DATA:
▶

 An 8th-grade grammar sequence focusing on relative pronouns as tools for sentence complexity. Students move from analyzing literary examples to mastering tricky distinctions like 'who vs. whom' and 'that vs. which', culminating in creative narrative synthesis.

◀
▶

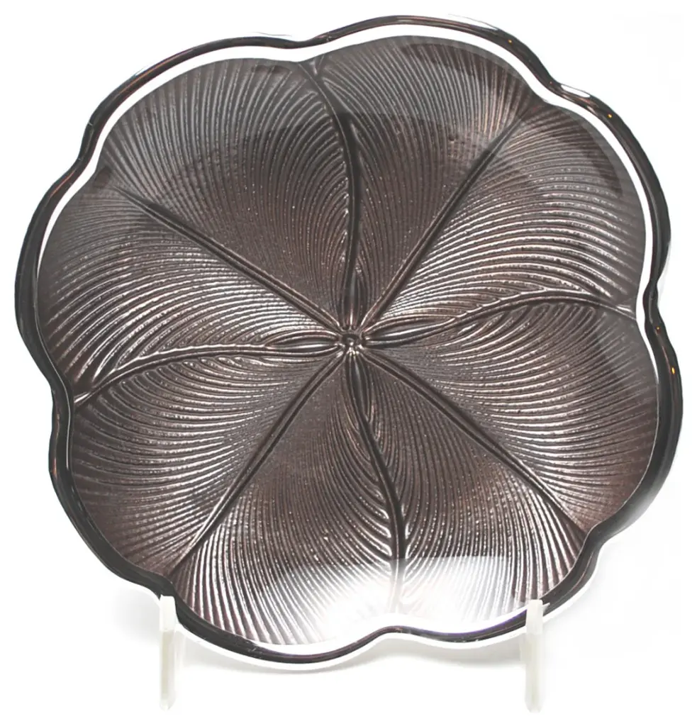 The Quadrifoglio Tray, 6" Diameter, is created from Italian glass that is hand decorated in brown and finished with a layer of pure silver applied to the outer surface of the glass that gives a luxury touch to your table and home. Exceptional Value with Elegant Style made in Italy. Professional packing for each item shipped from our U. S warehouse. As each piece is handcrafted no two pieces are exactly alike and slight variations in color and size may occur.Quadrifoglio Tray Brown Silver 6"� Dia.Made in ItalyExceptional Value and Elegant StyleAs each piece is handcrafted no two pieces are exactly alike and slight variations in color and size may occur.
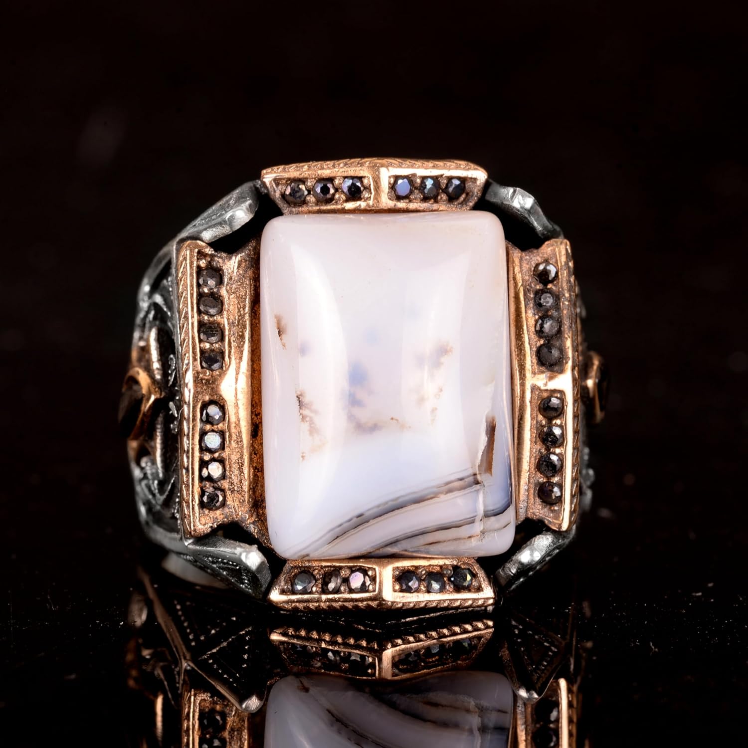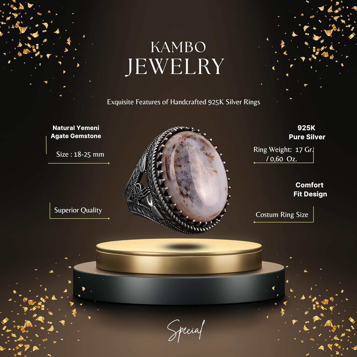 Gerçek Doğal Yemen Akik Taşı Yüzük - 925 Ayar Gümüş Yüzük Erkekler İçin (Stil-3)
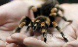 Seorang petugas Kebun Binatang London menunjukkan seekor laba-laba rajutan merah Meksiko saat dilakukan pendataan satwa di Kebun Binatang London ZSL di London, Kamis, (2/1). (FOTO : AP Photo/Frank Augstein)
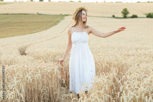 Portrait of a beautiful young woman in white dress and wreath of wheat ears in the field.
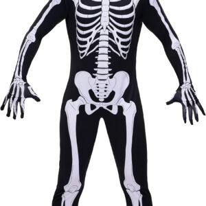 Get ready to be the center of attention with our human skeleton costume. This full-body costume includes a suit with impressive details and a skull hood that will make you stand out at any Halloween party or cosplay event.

◀

EXERCISE DESCRIPTION: Using the material above, reproduce only the lines that run from the line with "Gerçek Doğal Yemen" up to and including the line with "Portrait of a", exactly, with the pictures dropped.

THE ANSWER:
 Gerçek Doğal Yemen Akik Taşı Yüzük - 925 Ayar Gümüş Yüzük Erkekler İçin (Stil-3)
 Seorang petugas Kebun Binatang London menunjukkan seekor laba-laba rajutan merah Meksiko saat dilakukan pendataan satwa di Kebun Binatang London ZSL di London, Kamis, (2/1). (FOTO : AP Photo/Frank Augstein)
 Portrait of a beautiful young woman in white dress and wreath of wheat ears in the field.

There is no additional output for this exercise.